I'm figuring 4 x cost on events now and can't keep up. I will have to add a helper soon though! GREG!!!!!!!


----------



## Greg Rempe (Jul 3, 2005)

With my labor cost added in you'd better quote 8x's cost! :grin:  :!:


----------



## Woodman1 (Jul 3, 2005)

Amen sister! I started loading and picking up food at 10:00 am on Friday. I spent Friday night in the bed of my truck sleeping restlessly until I got up at 3:00 am to fire up the pit. I finished putting away the gear at 11:00 pm Saturday night. 37 hours straight and I cleared $1,200. My knees and back are killing me, and my hands are all cut up from foil pans and lids! $ 32/hour ! Alot of work!


----------



## Greg Rempe (Jul 3, 2005)

If any of you chefs and cooks would like to learn some good ways of selling "_*value*_" vs. "*price*" I would be happy to counsel you.  I do it _EVERYDAY _at my job and I am very good at it!

Of course you don't need the help Woody...you already be a fine salesman! :!:


----------



## Nick Prochilo (Jul 3, 2005)

This goes with all lines of work! Even if you are working at any job, maybe pushing a broom for $15 per hour, the boss is charging $65 per hour for you! 3x's the food sounds way to cheap to me. And you are probably buying the food at the best prices around. Charge 3x's the most expensive price for the food would be a better deal, then shop for the best price! Don't sell yourselfs short, the guy who sells it cheaper isn't putting the same product out that you are!


----------



## Captain Morgan (Jul 28, 2005)

Welcome Goat!

Funny how the little jobs really aren't worth it unless you take 5 or 6 times the cost.


----------



## Jack W. (Jul 28, 2005)

Hoss's BBQ said:
			
		

> Do any of you charge a catering fee?  I normally charge a $300.00 fee for bringing the smoker chafer etc. This is on top of my per person prices.  This also allows me an area to give a discount if they are tight for cash I will sometimes reduce this fee or remove it.  It can sometimes make them feel Like they got  discount which will not hurt my costing ratio.  Just a thought.

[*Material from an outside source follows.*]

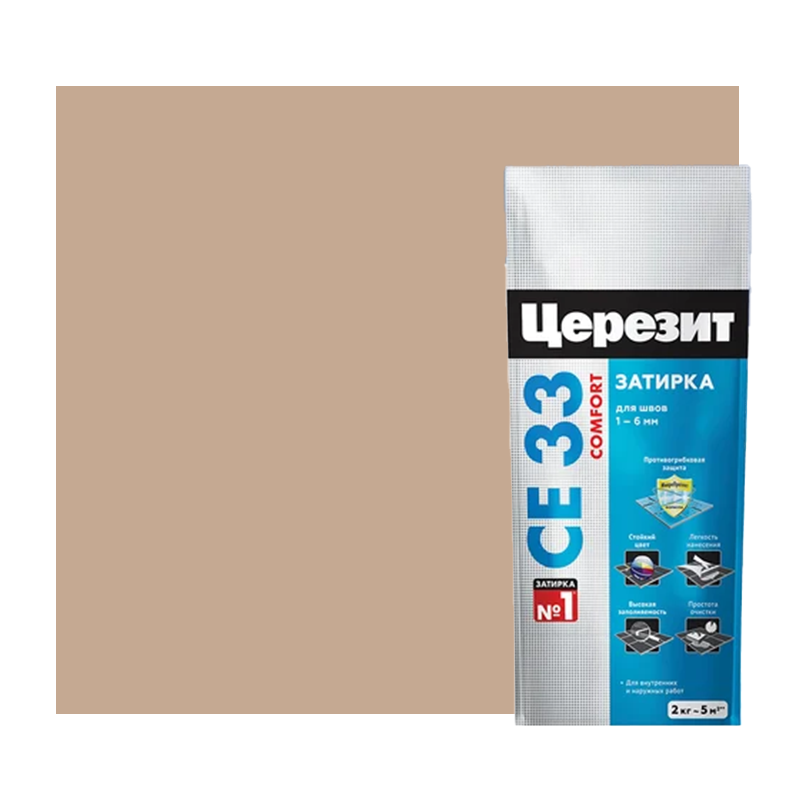 Затирка Церезит Comfort СE 33 сиена №47 фольга 2 кг 1/12 48603 2092752 - цветной состав на цементной основе предназначен для заполнения швов керамических и каменных облицовок, устроенных на недеформирующихся основаниях (таких, как бетон, цементные стяжки и штукатурки), на полах и стенах, внутри и снаружи зданий, при ширине шва до 6 мм. Допускается использование для затирки швов в отделке бассейнов внутри помещений.

I use this technique.  I charge $125 for the cooker and $175 for an Award Winning Pit Master to be on site.   Full service includes labor charges for each additional person gauranteed in the contract at between $75 and $150 depending on the service the employee will be providing.  I don't have a bit of trouble finding people to work at these rates.  I don't make a dime on labor.  I pass it all on to the help.  Gratuity is sometimes added and sometimes not.  Depends on the customer.  Some customers will jump at the chance to have the food "dropped off" when they see how much money they can save by serving the food and cleaning up the mess by themselves.   There is a set up charge.  Disposable wire chaffers really are the stuff.  We mark those up for retail as well.   This more or less eliminates the down time at events and makes it much more profitable.  Everything I do is food X 4.  All whole hog cooks are cost of the hog plus $300 just for the hog.  I stay pretty busy.  

Good Q!

Jack


----------



## txpgapro (Jul 29, 2005)

Where can you find those throw-away chaffers?


----------



## Jack W. (Jul 29, 2005)

txpgapro said:
			
		

> Where can you find those throw-away chaffers?



Sam's Club and Costco both carry them in my area.  I've also seen them at a place called Fred's.

Good Q!

Jack


----------



## ScottyDaQ (Jul 29, 2005)

Big Lots has em, Costco has em. They're eveywhere.


----------



## txpgapro (Jul 31, 2005)

How aobut a picture of one?


----------